Recorded data Start Marker
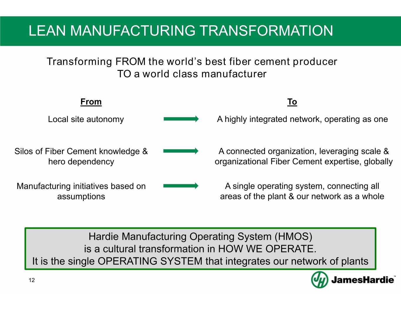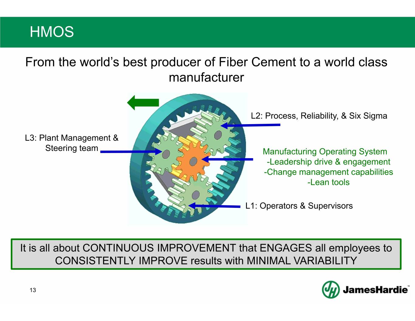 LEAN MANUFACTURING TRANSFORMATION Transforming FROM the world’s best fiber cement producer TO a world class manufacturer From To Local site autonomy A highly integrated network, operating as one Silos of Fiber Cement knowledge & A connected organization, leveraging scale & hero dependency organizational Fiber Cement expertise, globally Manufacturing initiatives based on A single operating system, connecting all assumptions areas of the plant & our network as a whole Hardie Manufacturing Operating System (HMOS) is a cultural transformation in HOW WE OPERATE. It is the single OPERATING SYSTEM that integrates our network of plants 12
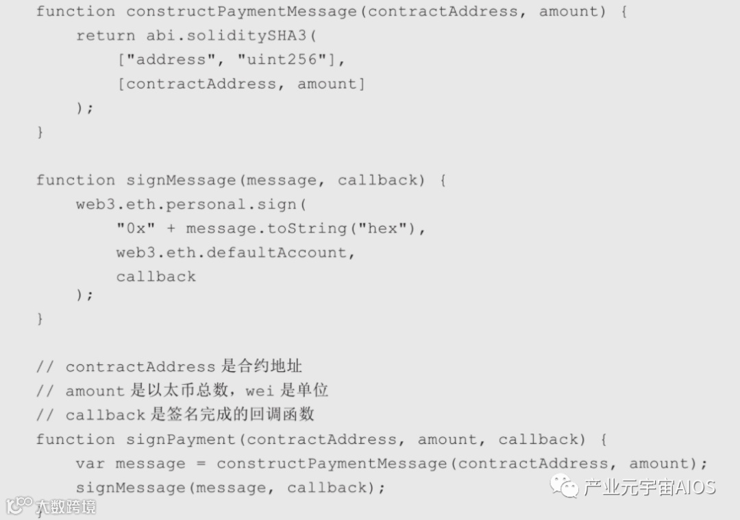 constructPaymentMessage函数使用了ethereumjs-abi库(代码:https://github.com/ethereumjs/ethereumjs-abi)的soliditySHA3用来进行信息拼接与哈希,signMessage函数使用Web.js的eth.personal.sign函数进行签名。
Recorded data End Marker
Recorded data Start Marker
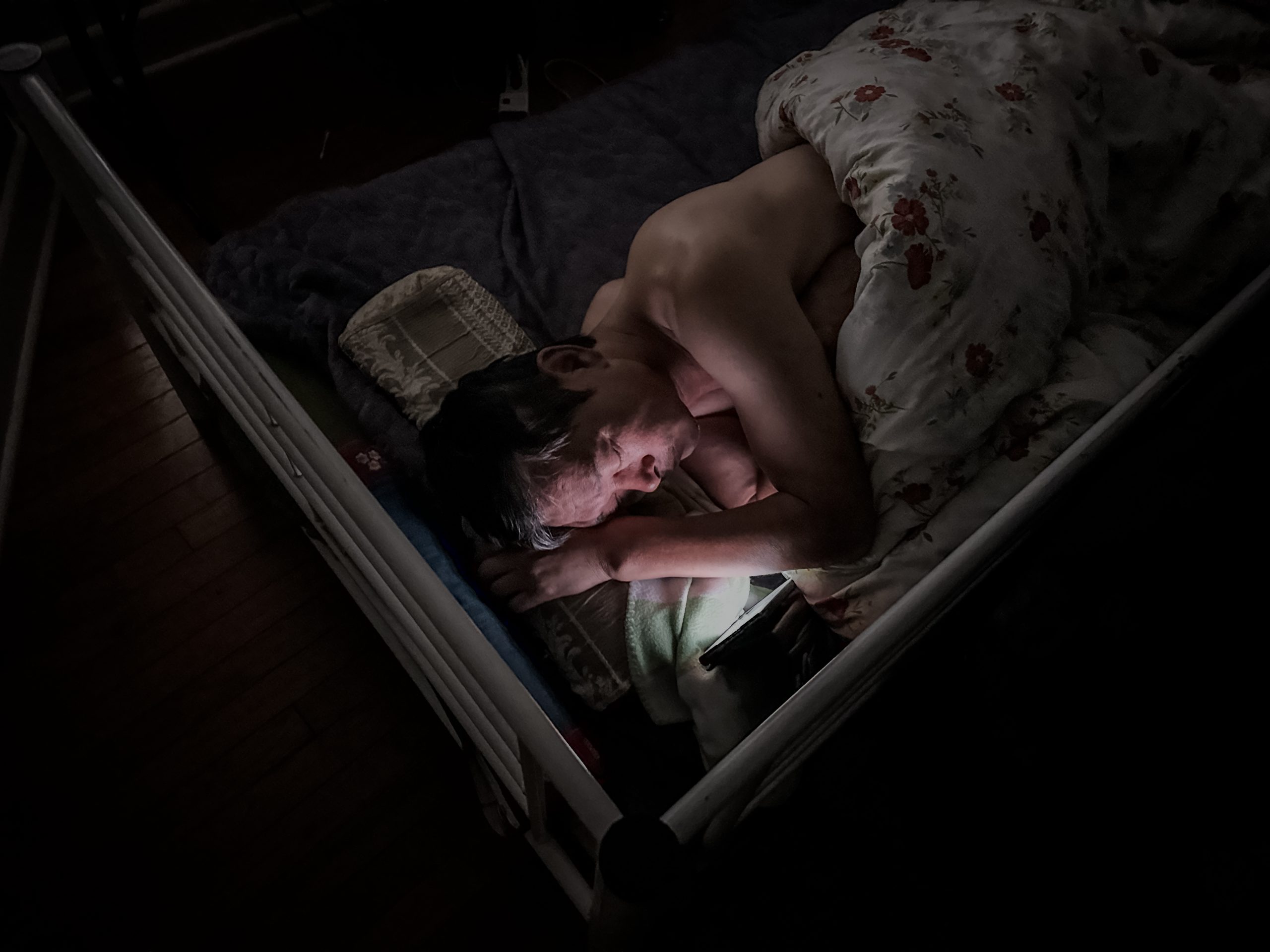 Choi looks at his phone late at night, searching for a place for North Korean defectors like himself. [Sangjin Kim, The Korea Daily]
Recorded data End Marker
Leaving every picture aside, reproduce exactly the lines above from the one with "LEAN MANUFACTURING TRANSFORMATION" up to and including the one with "constructPayme", and no others.

 LEAN MANUFACTURING TRANSFORMATION Transforming FROM the world’s best fiber cement producer TO a world class manufacturer From To Local site autonomy A highly integrated network, operating as one Silos of Fiber Cement knowledge & A connected organization, leveraging scale & hero dependency organizational Fiber Cement expertise, globally Manufacturing initiatives based on A single operating system, connecting all assumptions areas of the plant & our network as a whole Hardie Manufacturing Operating System (HMOS) is a cultural transformation in HOW WE OPERATE. It is the single OPERATING SYSTEM that integrates our network of plants 12
 constructPaymentMessage函数使用了ethereumjs-abi库(代码:https://github.com/ethereumjs/ethereumjs-abi)的soliditySHA3用来进行信息拼接与哈希,signMessage函数使用Web.js的eth.personal.sign函数进行签名。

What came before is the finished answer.